Discover One of History’s Most Ambitious Maps

Martin Waldseemüller’s 1507 map was the oldest document to use “America” to describe the body of land between Africa and Asia

Waldseemüller 1507
This map changed how the world saw itself. Library of Congress/Public Domain

What’s in a map? When viewed as historical documents, most maps go far beyond portraying mere place. Rather, they transmit ideas about the priorities, prejudices and preoccupations of the people who created and used them. And perhaps no map is as important—or as packed with historical promise—as one by German mapmaker Martin Waldseemüller. Now you can delve into the mysteries of the 1507 world map yourself with the launch of A Land Beyond the Stars, a new interactive website that unpacks the map’s many secrets.

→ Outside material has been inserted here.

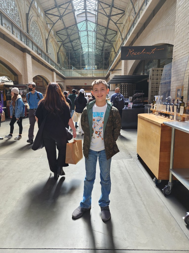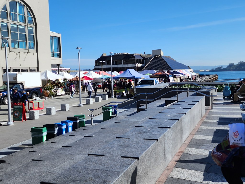 We started our morning walking down to the Ferry Building for the Saturday Farmer’s Market. The Ferry Building has merchants inside the building, as well as vendors set up in tents all around the perimeter on the weekends. If you are in San Francisco on the weekend, stop by the Farmer’s Market at the Ferry Building. While we were there, we grabbed some food and coffee and sat outside by the water. There was food, fresh flowers, crafts and more food. So much food.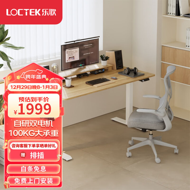 乐歌电动升降桌电脑桌双电机站立办公家用写字书桌 E3/1.4m原木色套装价格:2209.00元!

It’s the brainchild of the Museo Galileo in Florence, Italy, and was developed with the help of the Library of Congress. The site brings the map to life with interactive features and a cache of historical and cultural context. Relatively little is known about Waldseemüller, the map-making cleric, and his 1507 map, where the term "America" was first coined. (In 2009,  Toby Lester argued in Smithsonian magazine that the name might have come not from Waldseemüller but rather from an Alsatian scholar and poet named Matthias Ringmann, who wrote Introduction to Cosmography, the 1507 book the map was first referenced in.)

To create the map, Waldseemüller used the most up-to-date data available at the time, including new discoveries made by explorer Amerigo Vespucci in the New World. The result was the most detailed, ambitious world map that had ever been produced. Only about 1,000 copies of the map—the first ever to depict an Eastern and Western hemisphere split in two by the Pacific Ocean—were initially printed.

Waldseemüller didn't stop there—his lesser-known 1516 Carta Marina, which turns 500 years old this year, was even more boundary-breaking. As historian Chet Van Duzer explains, Waldseemüller apparently threw out his old sources for his new map, adding new information and using new techniques. “The map is a striking testament both to the cartographer's determination to show the true form of the world, and to the dynamism of early 16th century cartography,” Van Duzer notes.

Carta Marina
Martin Waldseemüller threw out what he thought he knew to make this ambitious 1516 map. Library of Congress/Public Domain

The website devoted to Waldseemüller’s ambitious map was created just in time for the 500th anniversary of the Carta Marina and for “Facts or Fictions: Debating the Mysteries of Early Modern Science and Cartography,” a two-day conference hosted by the Library of Congress in Washington, D.C. The conference also was convened to celebrate the Library of Congress’ acquisition of the Schöner Sammelband, a book that contains the only known copies not just of the Carta Marina, but of other important maps and globe gores, or segments.

At the conference this October, cartographers celebrated Waldseemüller's mapmaking and debated the ins and outs of mysterious, old maps. In a release, the Library of Congress notes that the conference included speakers on the history of everything from literature to science and philosophy—all topics that can be found embedded in the world’s most important historic maps.

The website, in the meantime, explores all of those topics and more. Visitors can uncover the map’s historical context, drill down into geographic regions, check out the map’s climate details, and even browse through a digital library of related books and maps. On its website, the Museo Galileo explains that the interactive website is the result of intensive research on the map. It was designed to share the stories of the map with the broader public and make the map more accessible—a worthy goal for anything that’s so old (and so influential).

So sit back, grab your mouse and take a tour of the globe as it had never before been imagined. Whether you sail the site for its awesome graphics or a sense of the historical context behind the map, one thing is clear: The 1507 masterpiece is much more than a simple case of “you are here.”